### What to produce
Exactly the lines below from the line with "Abstract Ocean Wave" through the line with "Giveroversikten viser at" must make up the answer, both ends included and pictures left out.

### Supplied data
= Beginning of Section =

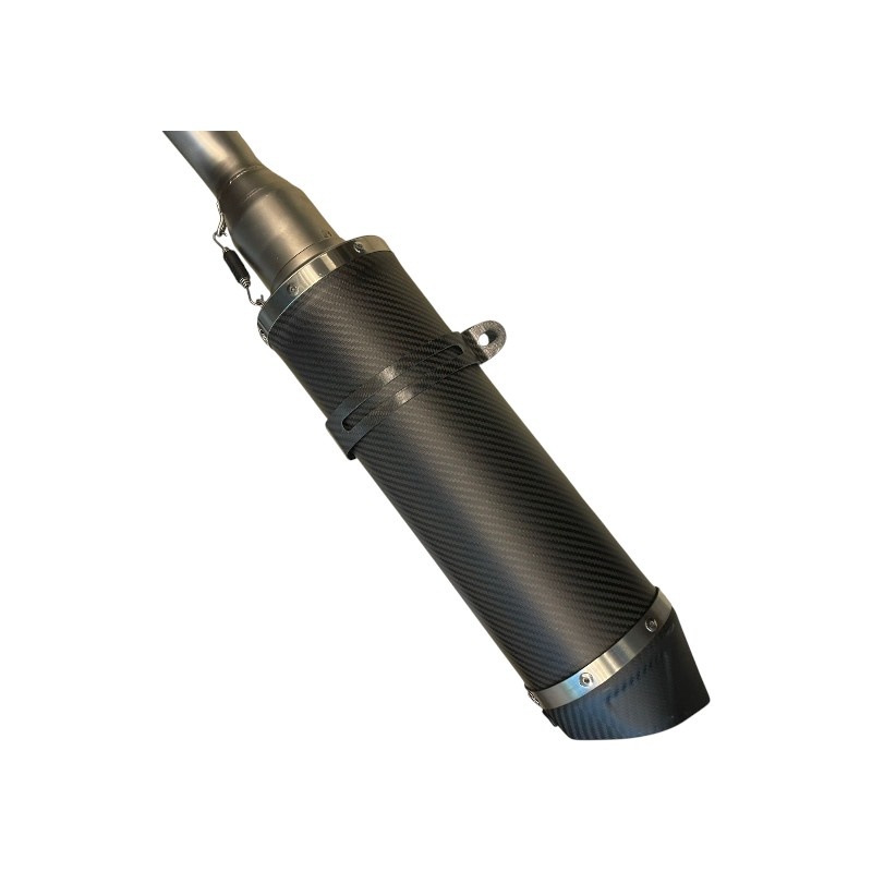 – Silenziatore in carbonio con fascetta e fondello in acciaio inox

= End of Section =
= Beginning of Section =

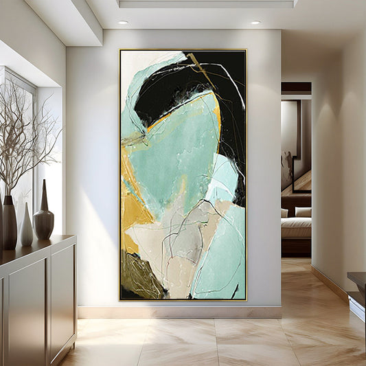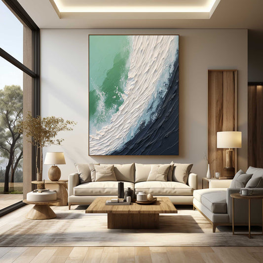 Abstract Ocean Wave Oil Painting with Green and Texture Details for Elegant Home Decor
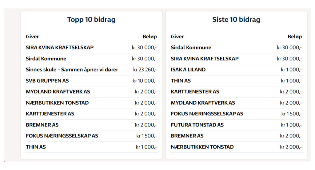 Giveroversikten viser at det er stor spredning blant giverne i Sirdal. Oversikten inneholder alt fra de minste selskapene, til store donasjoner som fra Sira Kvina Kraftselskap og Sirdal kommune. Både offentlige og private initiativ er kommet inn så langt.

= End of Section =

### Problem solution
 Abstract Ocean Wave Oil Painting with Green and Texture Details for Elegant Home Decor
 Giveroversikten viser at det er stor spredning blant giverne i Sirdal. Oversikten inneholder alt fra de minste selskapene, til store donasjoner som fra Sira Kvina Kraftselskap og Sirdal kommune. Både offentlige og private initiativ er kommet inn så langt.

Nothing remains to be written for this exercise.